**Task item**
Nothing in the data should change when you return it, but leave the pictures out.

**Recorded data**
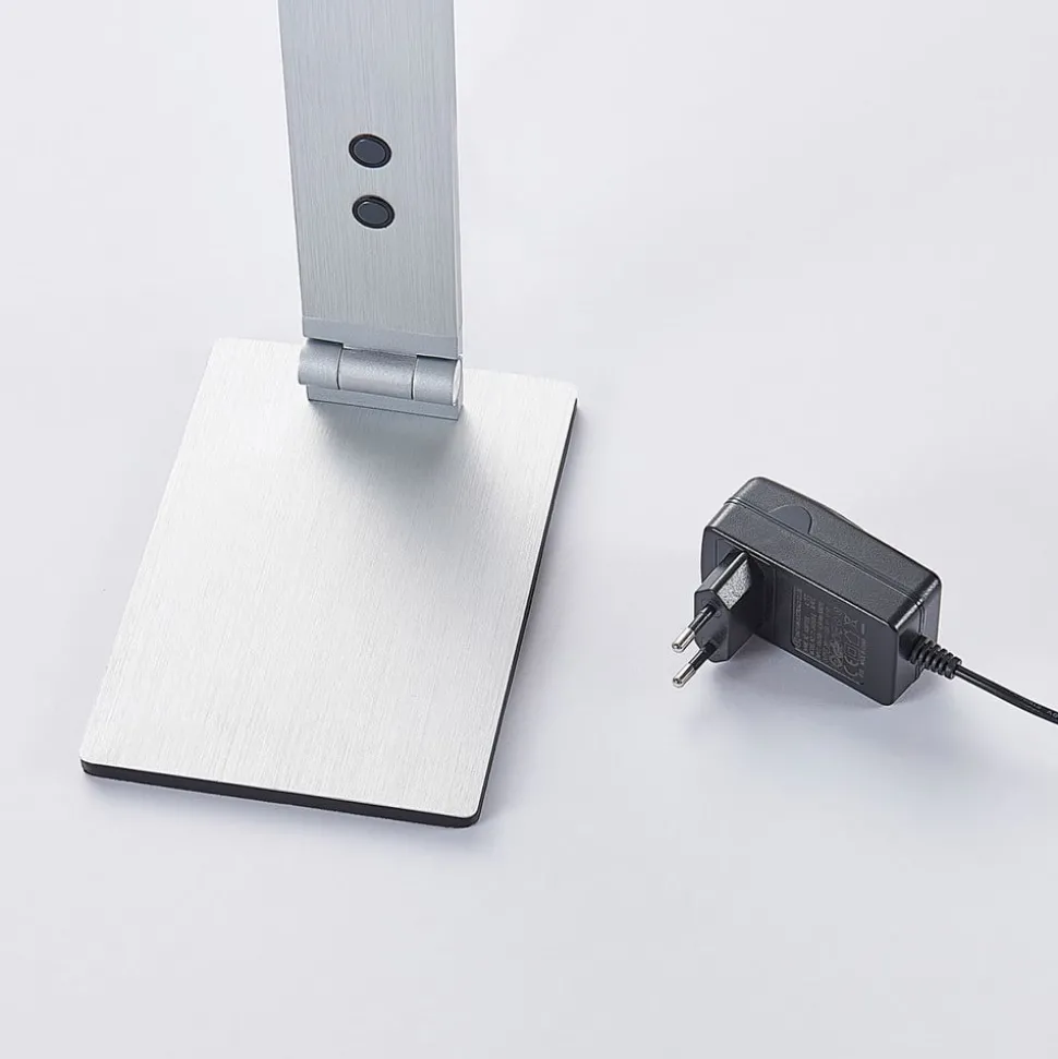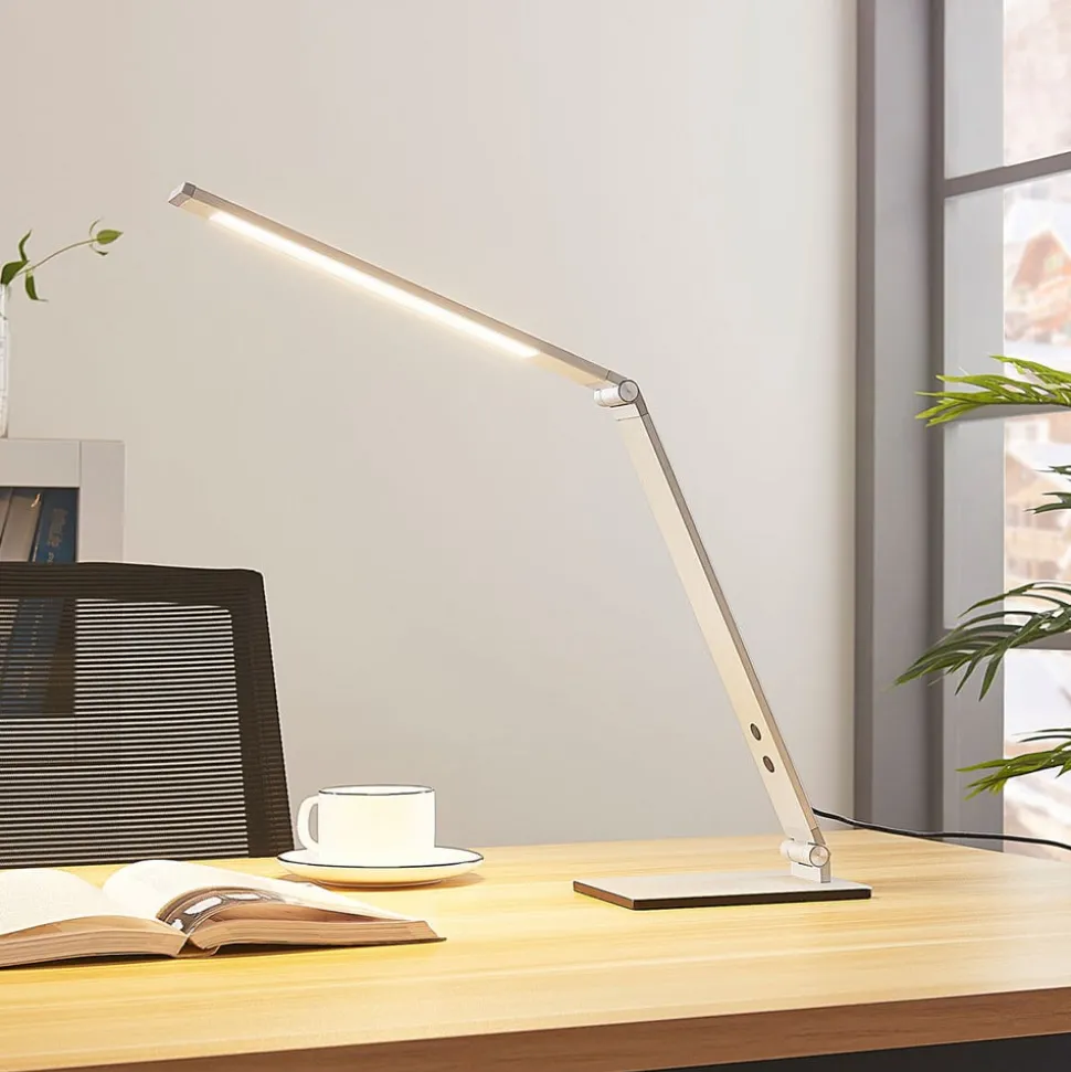 Lucande LED bureaulamp Nicano, grijs, metaal, dimbaar.
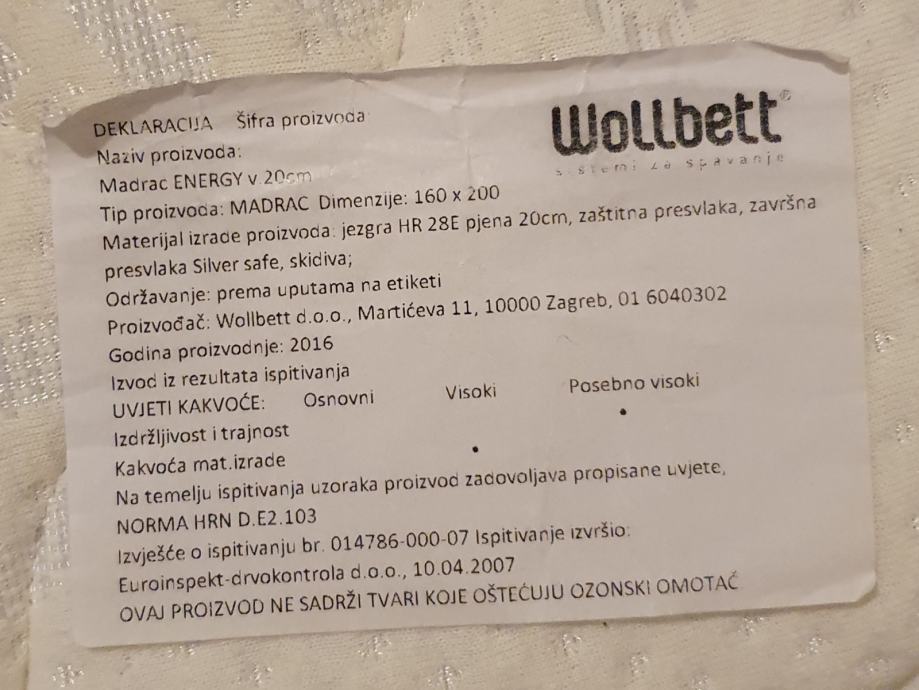 Krevet i madrac su kupljeni 2019.. Skidiva presvlaka je oprana i čista. Krevet je slabo korišten.
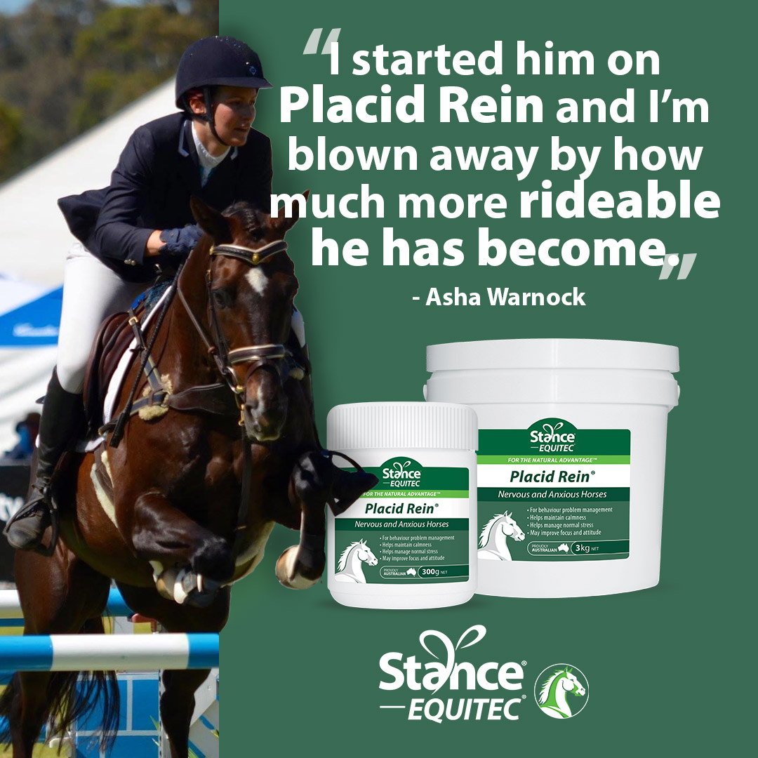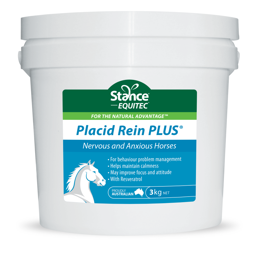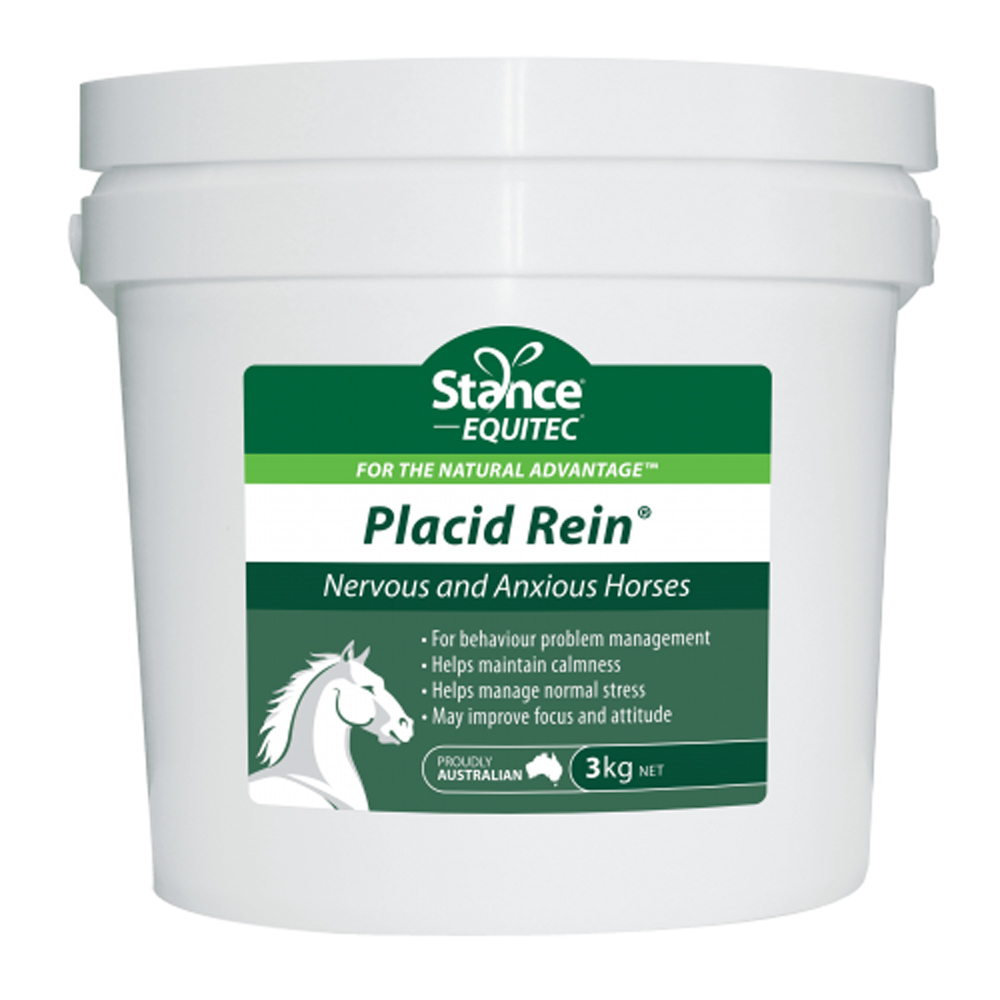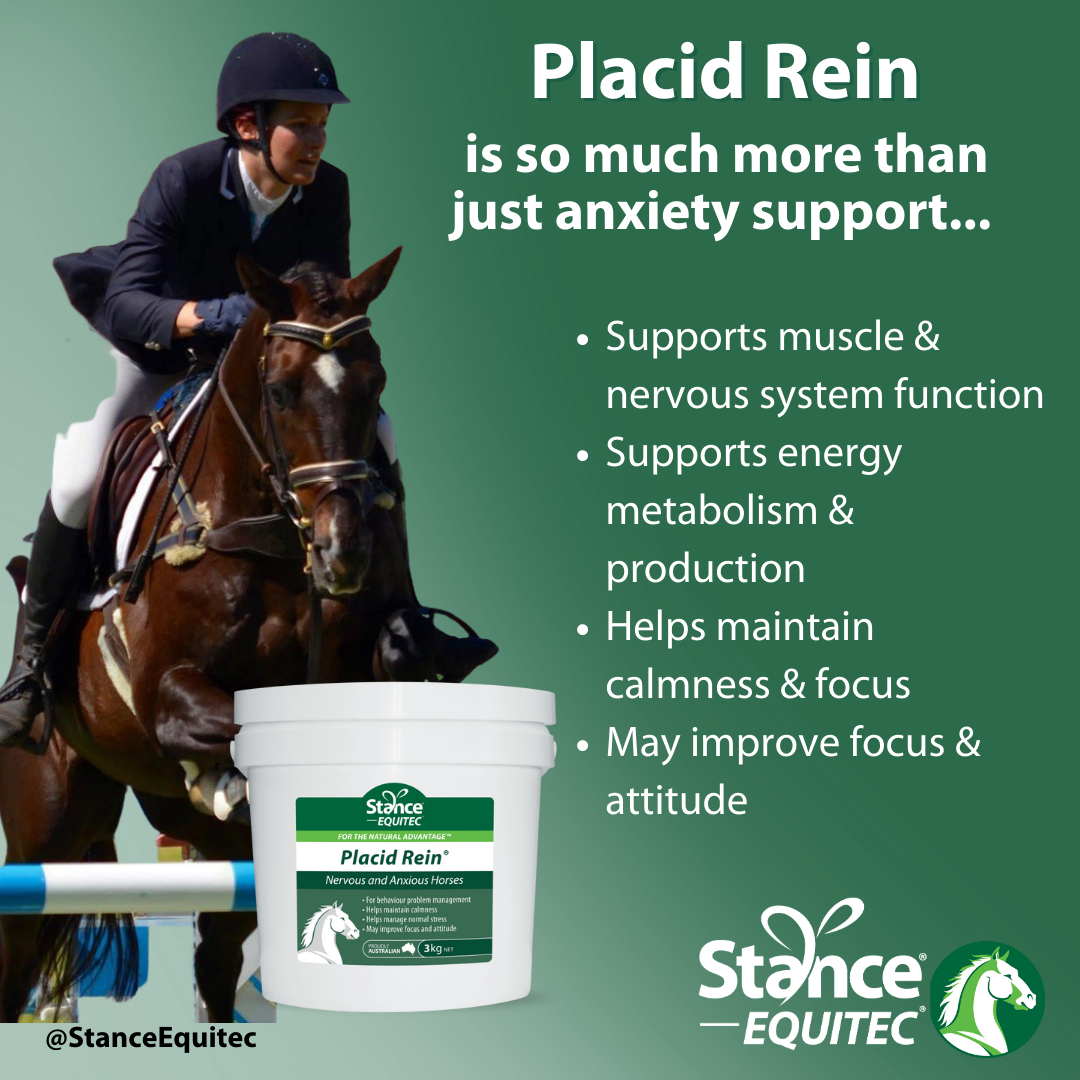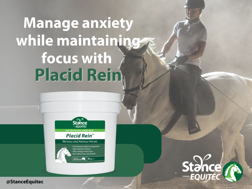 Use calming supplements: There are many supplements available, Stance's Placid Rein contains a proprietary blend of natural ingredients including: the B Vitamins group, Magnesium sulphate, Magnesium proteinate, Tyrosine, Glutamic acid, Seaweed derived calcium, B-glucans, Baikal skullcap and Diamond V Yeast XPC. Placid Rein has been designed to support normal body responses to stress in horses and to help maintain a consistent attitude to work whether at home or away.

**Response to this task**
 Lucande LED bureaulamp Nicano, grijs, metaal, dimbaar.
 Krevet i madrac su kupljeni 2019.. Skidiva presvlaka je oprana i čista. Krevet je slabo korišten.
 Use calming supplements: There are many supplements available, Stance's Placid Rein contains a proprietary blend of natural ingredients including: the B Vitamins group, Magnesium sulphate, Magnesium proteinate, Tyrosine, Glutamic acid, Seaweed derived calcium, B-glucans, Baikal skullcap and Diamond V Yeast XPC. Placid Rein has been designed to support normal body responses to stress in horses and to help maintain a consistent attitude to work whether at home or away.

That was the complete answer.